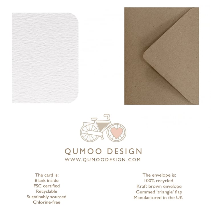 Paper Sizes: The cards are A6, portrait (105mm wide x 148mm height) and printed on a single side, (the inside is blank), it is printed on hammered (textured) paper and is supplied with a BROWN KRAFT envelope, the recycled paper used in the envelopes are made from 100% post consumer waste.
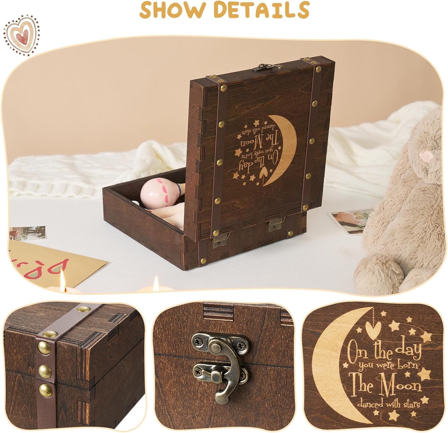 - 【Cute Design for Baby】Engraved text and cute moon on the outside lid, decorated with dark brown PU leather and rivet, vintage and novelty, a sturdy latch for security. Our beautifully engraved box is a sweet way to share your love to baby.
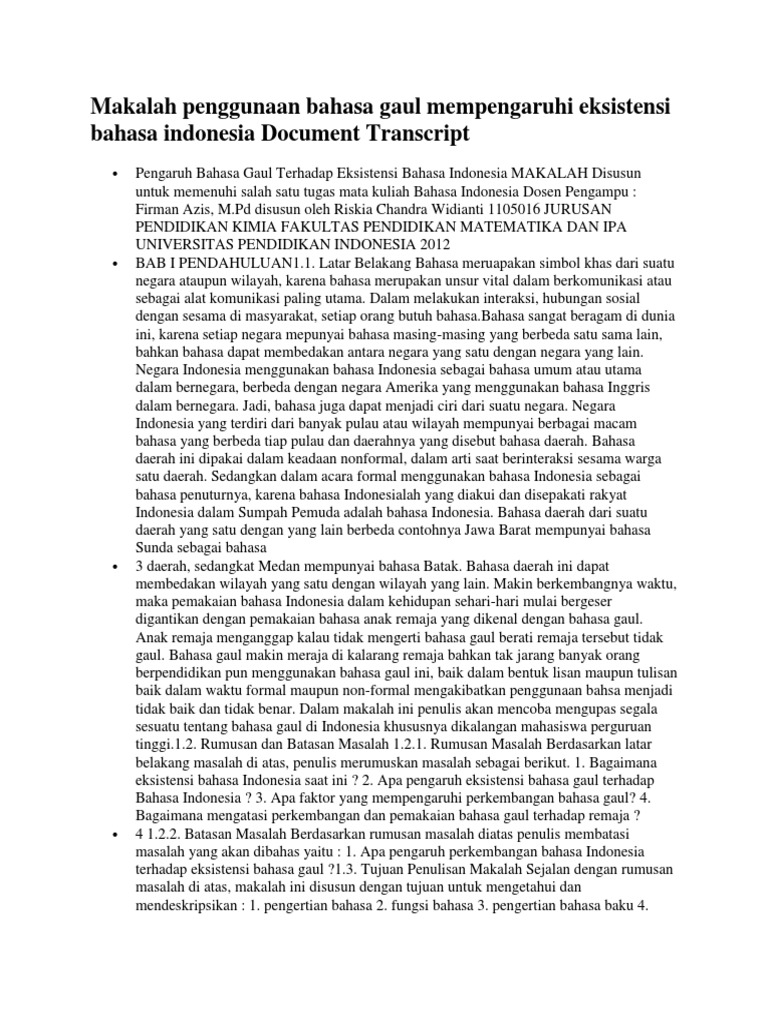 Makalah Penggunaan Bahasa Gaul Mempengaruhi Eksistensi Bahasa Indonesia Document Transcript
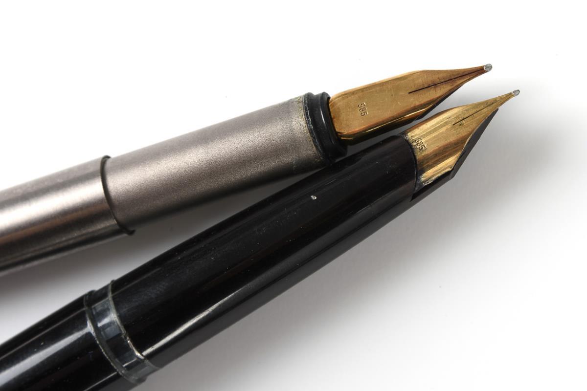 Edelstahl gebürstet, schwarzer Kunststoff, Messing vergoldet, 2 Goldfedern je 585 gepunzt. L maximal 14,5 cm.
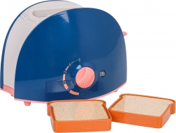 Wystarczy włożyć dwa dołączone tosty, przekręcić regulator i po chwili tosty wyskoczą. Podczas „pieczenia” usłyszysz odgłosy smażenia, a na przednim panelu miga pulsująca dioda. Toster wykonano z wysokiej jakości, wytrzymałego plastiku z dbałością o detale.
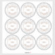 A handy sheet of 9 round stickers, each approximately 4.5 inches in diameter, to say Thank You on a giveaway, favour or gift from your business for either staff or delegates. Each of the 9 stickers can be personalised with a different staff member's name or delegate name. You can also easily swap in your business logo and company website address both of which will update simultaneously on all nine.
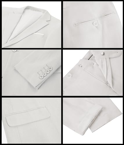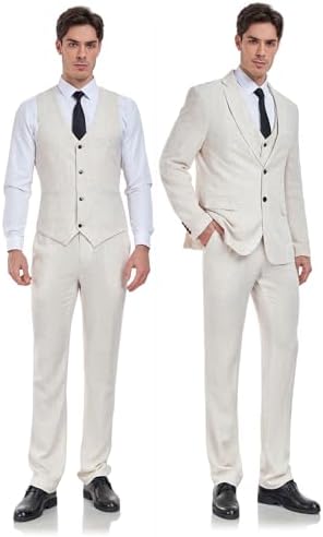Men's 3 Pieces Linen Suit Slim Fit Summer Wedding Tuxedo Retro Grooms Prom Party Blazer Vest Pants
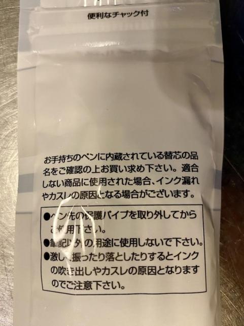 ビニール包装には、使いやすい圧着チャックが備わります。 親切だわ。
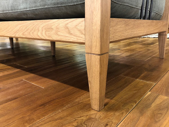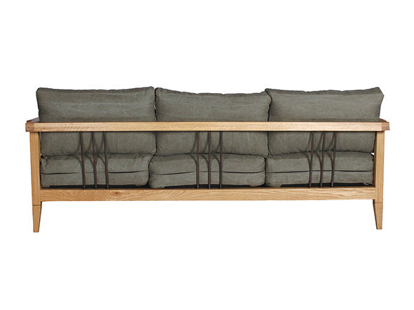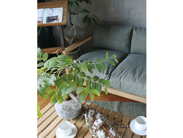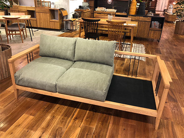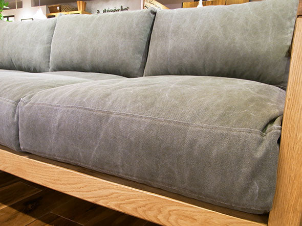 オーク無垢材とムラ感のあるファブリックを組み合わせた居心地の良い雰囲気を漂わせる3人掛けソファ。さり気ないスチール使いが全体のデザインを引き締め、アデペシュらしい中性的な空気感を作り出しています。ホワイトオークをふんだんに使用していますが、解放感のあるデザインが重厚感を和らげ軽やかな印象を与えます。クッションは座り心地にも配慮した3層構造。クッション性が気になった時には上下を逆さまにしたり、お手入れをすることでふかふかのクッションを長く楽しめます。張地はウォッシュ加工を施したラフな仕上がりです。カバーリング仕様のため、取り外してドライクリーニングができます。soloはナチュラルテイストをモダンに、でもどこかノスタルジックにデザインされたシリーズです。ナチュラルな色合いは、"splem"や"cadeal"などの他シリーズとも相性良く馴染みます。
***
EXERCISE DIRECTIONS: Begin with the line containing "Wystarczy włożyć dwa", stop at the last line of the records above, and copy every line in between exactly, both ends included, with no pictures.

RESPONSE:
 Wystarczy włożyć dwa dołączone tosty, przekręcić regulator i po chwili tosty wyskoczą. Podczas „pieczenia” usłyszysz odgłosy smażenia, a na przednim panelu miga pulsująca dioda. Toster wykonano z wysokiej jakości, wytrzymałego plastiku z dbałością o detale.
 A handy sheet of 9 round stickers, each approximately 4.5 inches in diameter, to say Thank You on a giveaway, favour or gift from your business for either staff or delegates. Each of the 9 stickers can be personalised with a different staff member's name or delegate name. You can also easily swap in your business logo and company website address both of which will update simultaneously on all nine.
Men's 3 Pieces Linen Suit Slim Fit Summer Wedding Tuxedo Retro Grooms Prom Party Blazer Vest Pants
 ビニール包装には、使いやすい圧着チャックが備わります。 親切だわ。
 オーク無垢材とムラ感のあるファブリックを組み合わせた居心地の良い雰囲気を漂わせる3人掛けソファ。さり気ないスチール使いが全体のデザインを引き締め、アデペシュらしい中性的な空気感を作り出しています。ホワイトオークをふんだんに使用していますが、解放感のあるデザインが重厚感を和らげ軽やかな印象を与えます。クッションは座り心地にも配慮した3層構造。クッション性が気になった時には上下を逆さまにしたり、お手入れをすることでふかふかのクッションを長く楽しめます。張地はウォッシュ加工を施したラフな仕上がりです。カバーリング仕様のため、取り外してドライクリーニングができます。soloはナチュラルテイストをモダンに、でもどこかノスタルジックにデザインされたシリーズです。ナチュラルな色合いは、"splem"や"cadeal"などの他シリーズとも相性良く馴染みます。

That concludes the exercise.